Local authorities did not say how they planned to enforce the rule

A Spanish city is set to fine tourists £645 if they are caught urinating in the sea.

The city council in Vigo, Galicia, has passed legislation banning “physiological evacuation on the beach or in the sea”, slapping a fine of €750 (£645) on anyone caught short while in the shallows.

Under the new rules, public urination in beach areas has been made a “minor infraction” and “an infringement of hygiene and sanitary regulations”.

The council has not clarified how they plan to enforce the rule or monitor swimmers and paddlers on local beaches, though it has said it will also install public toilets on the city beach as another measure to combat “sea wees”.

In the same move, Vigo council banned the use of soaps and shampoos in the sea, as well as washing cooking utensils in sea water.

It’s not the first coastal city in Spain to impose such a ban - in 2017, San Pedro del Pinatar in Murcia, southeastern Spain, banned urination in the sea, as well as nude sunbathing, bat and ball games and reserving beach space with a towel.

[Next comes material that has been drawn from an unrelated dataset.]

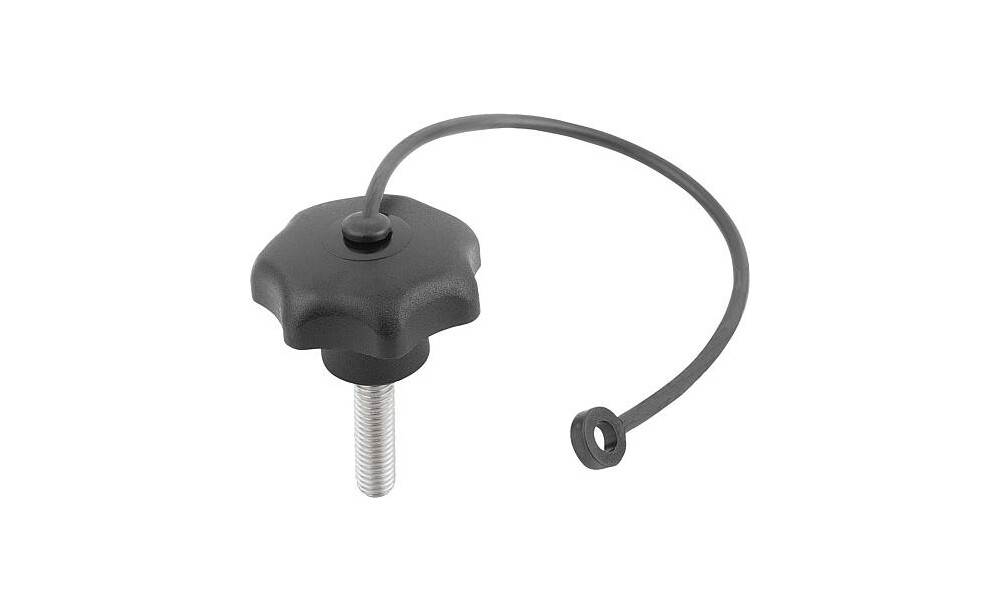Werkstoff: Sterngriff aus Thermoplast, Gewindebolzen aus Edelstahl 1.4305. Sicherungsband aus elastischem TPU. Ausführung: Gewindebolzen blank. Hinweis: Durch das Sicherungsband kann der Sterngriff unverlierbar an einem Grundkörper befestigt werden. Der Sterngriff verbleibt in unmittelbarer Umgebung am Gegenstand. Dadurch kann die Montage / Demontage des Sterngriffes vereinfacht und verlustsicherer durchgeführt werden. Montage: Montage im nicht gespannten Zustand des Bandes ausführen. Ein- wie ausgeschraubter Zustand ist zu beachten.
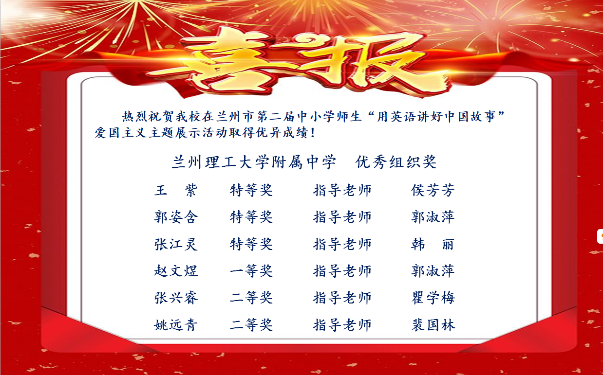 此次获奖,既是对我校英语教学与爱国主义教育融合成果的肯定,也是学校坚持“五育并举”、落实立德树人根本任务的生动体现。未来,兰州理工大学附属中学将继续以多元活动为载体,搭建学生展示平台,引导学生在传承文化中坚定自信,在跨文化表达中拓宽视野,培养兼具家国情怀与国际视野的新时代青少年。(图/文:侯芳芳;审核:杨雅琼)

Holidaymakers falling foul of the nudity rules in San Pedro can also face €750 fines.

Meanwhile, lighting a disposable barbecue on the same beach could land you a fine of as much as €1,500 (£1,289).

Spain is cracking down on drunk, disorderly and inappropriately dressed tourists in general this year, with some local authorities singling out British tourists as part of the problem.